Lehigh invests in team teaching grants to encourage the development of interdisciplinary courses.

Photography by

Marcus Smith '25

Removing boundaries between disciplines to foster the most creative approaches to problem solving and learning is one goal of the Inspiring the Future Makers strategic plan. To enable the adoption of radically interdisciplinary education, the Office of the Provost recently awarded four Interdisciplinary Team Teaching Grants as part of the Future Maker Grant program.

“I am delighted to know the Future Maker Grant funds will facilitate the development of four new interdisciplinary courses for delivery to students beginning this Fall,” said Terry-Ann Jones, deputy provost for undergraduate education. “Helping students think beyond traditional disciplinary boundaries will serve them well as they contemplate their place in addressing the world’s problems.”

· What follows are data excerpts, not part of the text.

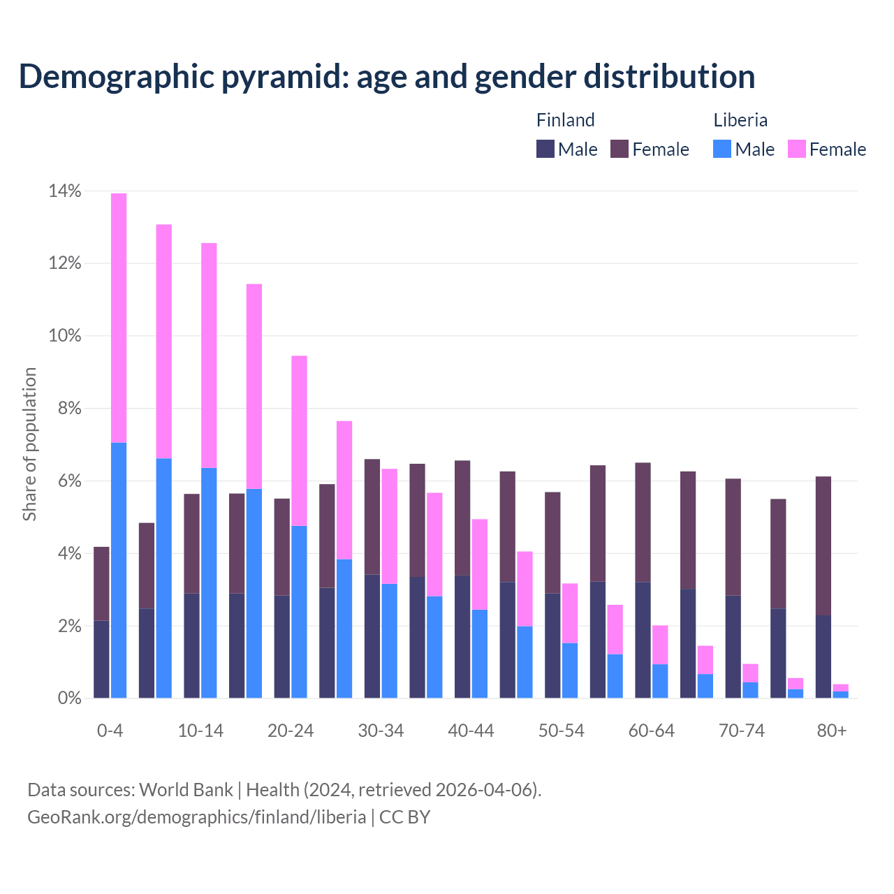 Demographics of Finland compared to Liberia: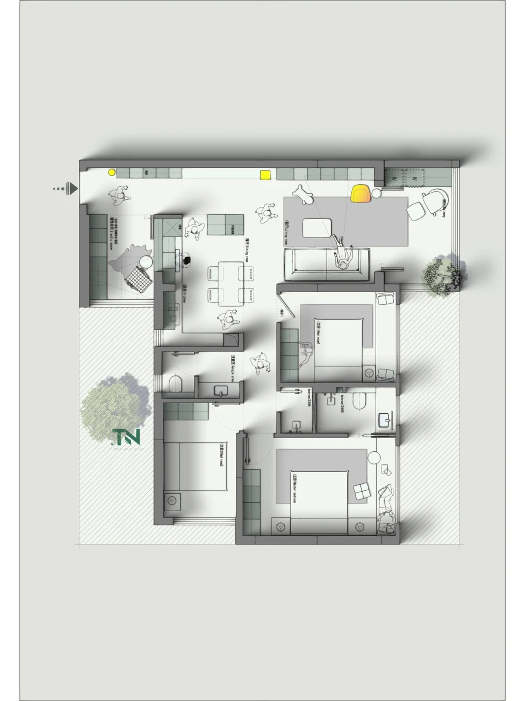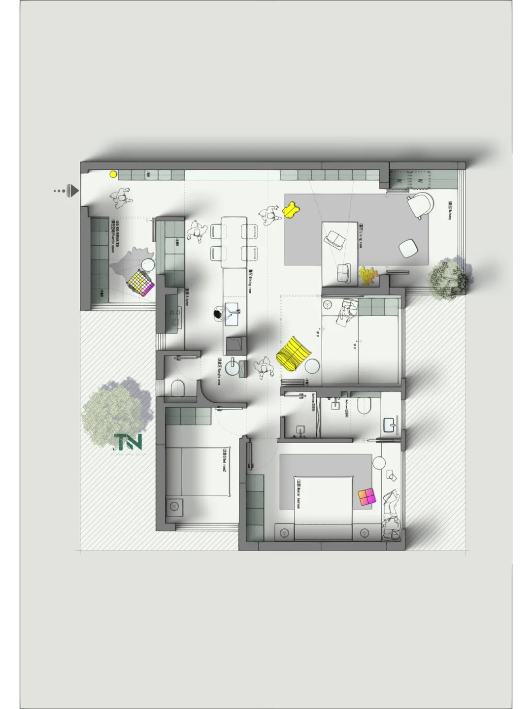 设计需求: 1、拓展四房(家里偶尔客人留宿多) 2、餐厅一定要大(聚餐比较多) 3、厨房开放式 4、储物功能一定要多 5、客厅尽可能大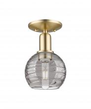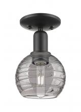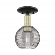 Athens Deco Swirl - 1 Light - 6 inch - Antique Brass - Light Smoke Deco Swirl Shade - Semi-Flush Mount
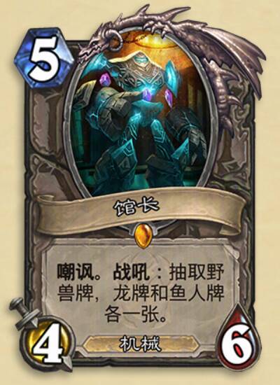 - 旧:嘲讽,战吼:从你的牌库中抽一张野兽牌、龙牌和鱼人牌。

Four New Courses in Development

Four Future Maker Team Teaching Grants were selected to receive grant funding:

All Fun & Games: How Does Play Change Us? is a new interdisciplinary “Big Questions” seminar for first- year students in the College of Arts and Sciences. Associate Professor Will Lowry (Theatre) and Associate Professor Brooke Rollins (English) will pair humanities-based game studies theory with theatre-based practices in emergent storytelling, creative problem-solving experience design, and embodied narrative. The goal of this first-year seminar is to encourage students to explore the social, cultural and theoretical role of gaming in human life and to creatively apply this knowledge in the form of game play, game design and ludological inquiry.

Associate Professors Khurram Hussain (Religion Studies) and Nandini Deo (Political Science) will team together to co-teach the new “Big Questions” interdisciplinary seminar, Are Children People? focused on the question, “To what extent are children members of political communities entitled to self-determination?” This seminar will teach first-year students how to engage in debate, discussion and disagreement in a constructive and respectful manner, to be able to identify different disciplinary approaches to the same general question, and to learn how to formulate their own, well argued and well-informed answers.

What is Reality? is the name of a new undergraduate Big Questions first-year seminar course to be co-taught by Professor Almut Hupbach (Psychology) and Professor of Practice William Crow (Art, Architecture and Design). Drawing on the foundations of psychology, the meaning-making processes of the visual arts, and students' own interpretive and creative responses, students will be guided through creative exercises to examine their own realities. Students will be engaged in inquiry-based learning that involves active participation, creative responses and writing.

Funding was awarded to support an interdisciplinary course titled Opium Wars to the Opioid Epidemic to help students develop a thorough understanding of the historical background of the opioid epidemic and the current strategies being used to address opioid addiction locally and nationally, while also connecting them to professionals currently addressing this crisis. Assistant Professors Dustin Stoltz and Amy Johnson (Sociology and Anthropology) will team teach this course.

Data Informed Decision Future Maker Grants Proposal due April 15, 2024

Lehigh has invested in programs designed to support the success of the strategic plan throughout the academic year. The most recent invitation, announced at the January Strategic Plan Implementation Info Session, is focused on the decision making informed by qualitative and quantitative data and analysis initiative. As a reminder, Data Informed Decision future maker grant proposals are due April 15, 2024. Details on application submissions will be accepted through InfoReady.

We are all Future Makers at Lehigh University. The goals of Lehigh’s strategic plan will be achieved through the collective good work of our Lehigh community.